Шрифт:
Интервал:
Закладка:
Марсо видел, как темная фигура Амбруаза скользнула вдоль стены дома. Он на минуту зашел в свинарник и тут же вышел. Потом вернулся в дом. Таким Марсо увидел отца в последний раз. Смутной, неслышно проскользнувшей тенью. Мрачной тенью, проникшей в его душу. Весь дом спал, погруженный в тишину и покой. Уснул и Марсо, так и уснул у распахнутого окна.
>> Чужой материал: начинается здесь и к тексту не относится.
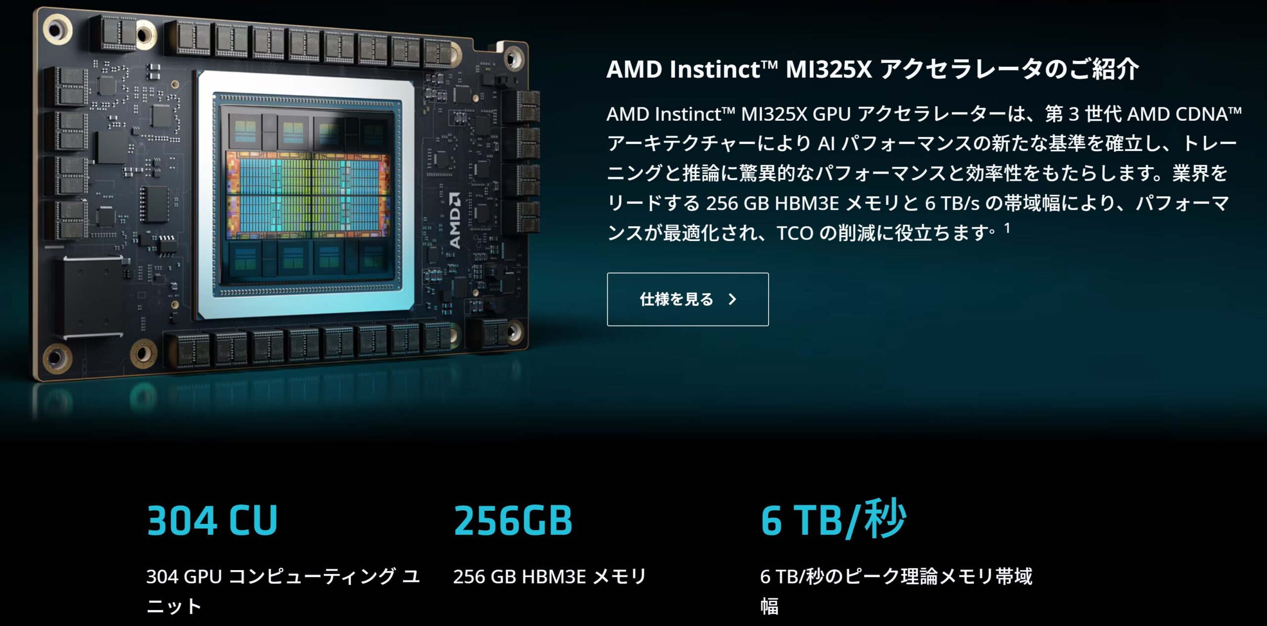 そんな中、AMDも先週10日に「AMD Advancing AI 2024」というイベントを行った。そしてデータセンター、クラウド、AI エンタープライズ コンピューティングを高速化するために特別に設計された AMD EPYC 9005 シリーズ プロセッサー、第 3 世代 AMD CDNA アーキテクチャにより AI パフォーマンスの新たな基準を確立し、トレーニングと推論に驚異的なパフォーマンスと効率性をもたらすというAMD Instinct MI325X GPU アクセラレータ、オープン エコシステム内で、高パフォーマンススループット、輻輳回避、レイテンシの短縮など、最も要求の厳しい AI ワークロードを処理するように設計されているAMD Pensando Pollara 400 NIC、更には次世代 AI PC 向け世界最強のNPUを搭載したRyzen AI 300 シリーズ プロセッサなどを発表した。AMD Instinct MI325X GPUはその日を発売日としていた。しかし、残念ながら、その日のAMDの株価は4%を超えて急落した。
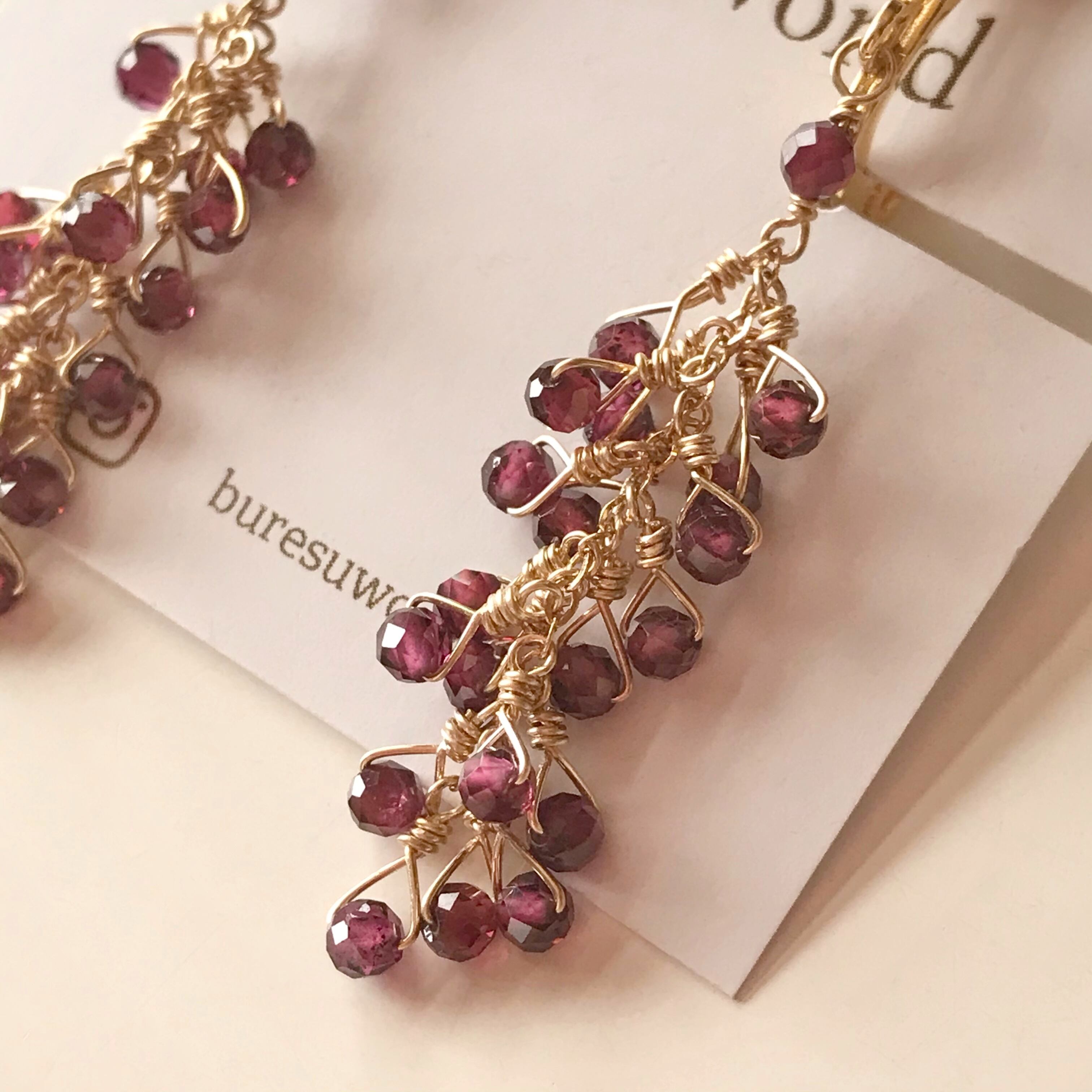 小粒ロードライトガーネットのイヤリング。
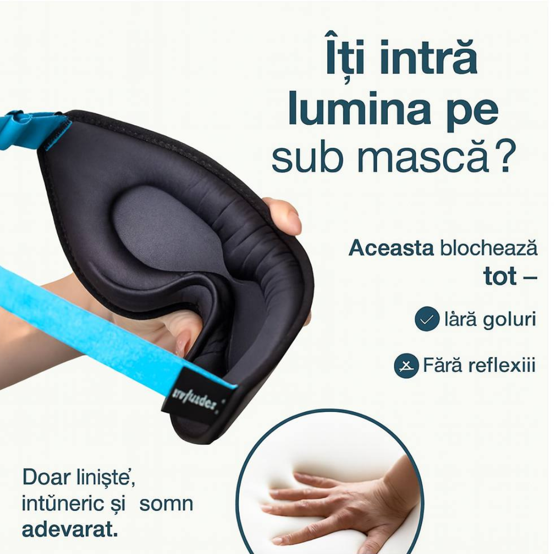 Mască de somn 3D – 100% blocare a luminii, confort total pentru femei și bărbați, design premiat
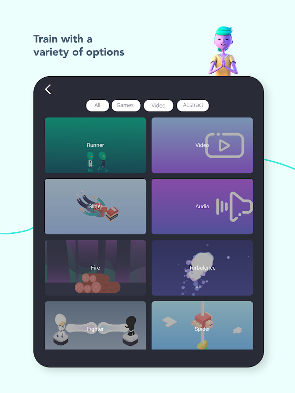 O aplicativo Myndlift funciona de forma independente ou em conjunto com dispositivos Muse (faixa de cabeça com detecção cerebral).
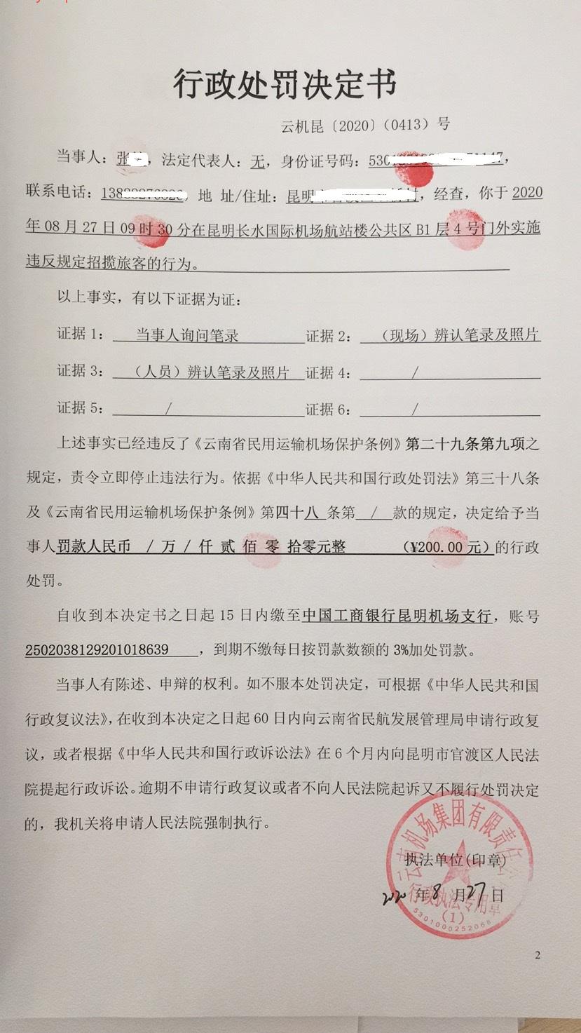 行政处罚决定书 云机罚 昆{2020} (0413)号
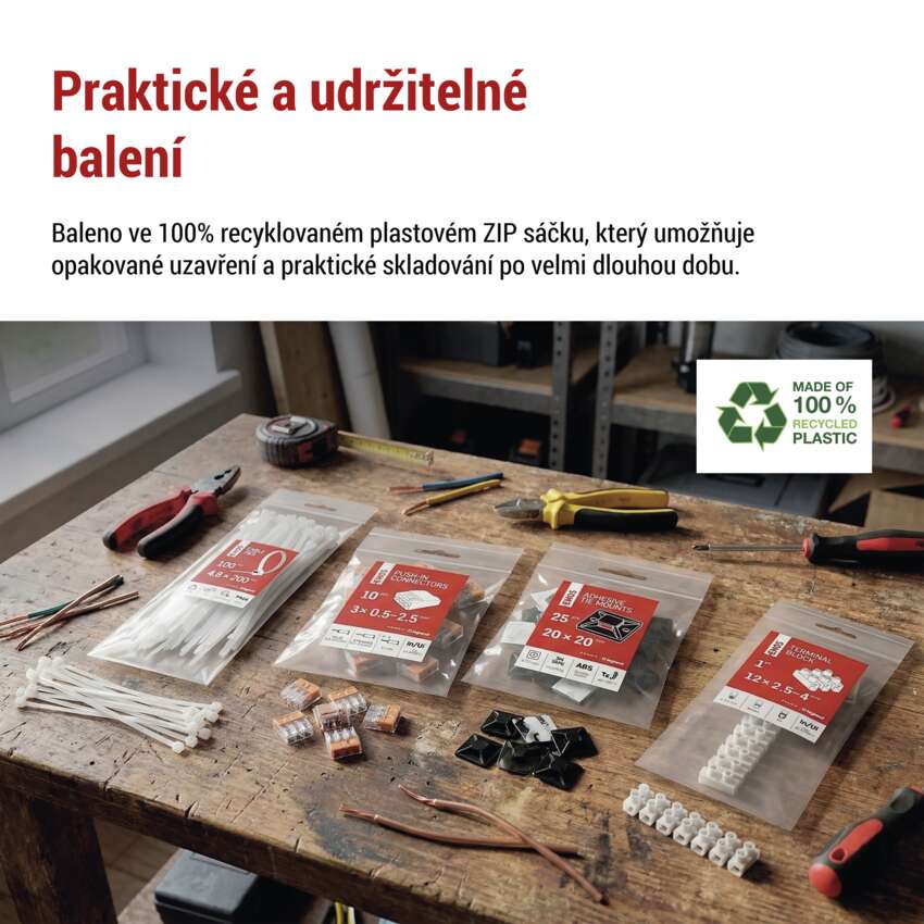 Stahovací pásky EMOS jsou dodávány v opakovaně uzavíratelném sáčku se ZIP systémem, který usnadňuje manipulaci při práci i následné skladování. Máte tak pásky vždy přehledně uložené a okamžitě k dispozici bez zbytečného rozsypání nebo ztrát.

И сон, последний сон, приснился ему. Как будто он подходит к Приступку, но нет ни изгороди, ни двора, ни сараев и хлевов, вокруг каменистая, невозделанная земля. Впрочем, может, это и не Приступок, а Крайний двор. Дом чуть покосился, как будто земля под ним вспучилась. И странный свет: ни день, ни ночь, ни сумерки. Какой-то голубовато-матовый. Стены дома, ставни, дверь, крыша — все окрашено в разные оттенки голубого цвета. Сиреневатый, бледно-зеленоватый, бирюзовый и лазурный. Перед домом на ветхой деревянной скамье сидит его брат Эфраим и смотрит прямо на него. Лицо и руки его — благородного густо-синего цвета. Он что-то вырезает из куска дерева. Но отрывает глаза от работы, чтобы устремить на Марсо серьезный, чуть печальный взгляд. Мастерит деревянные башмаки.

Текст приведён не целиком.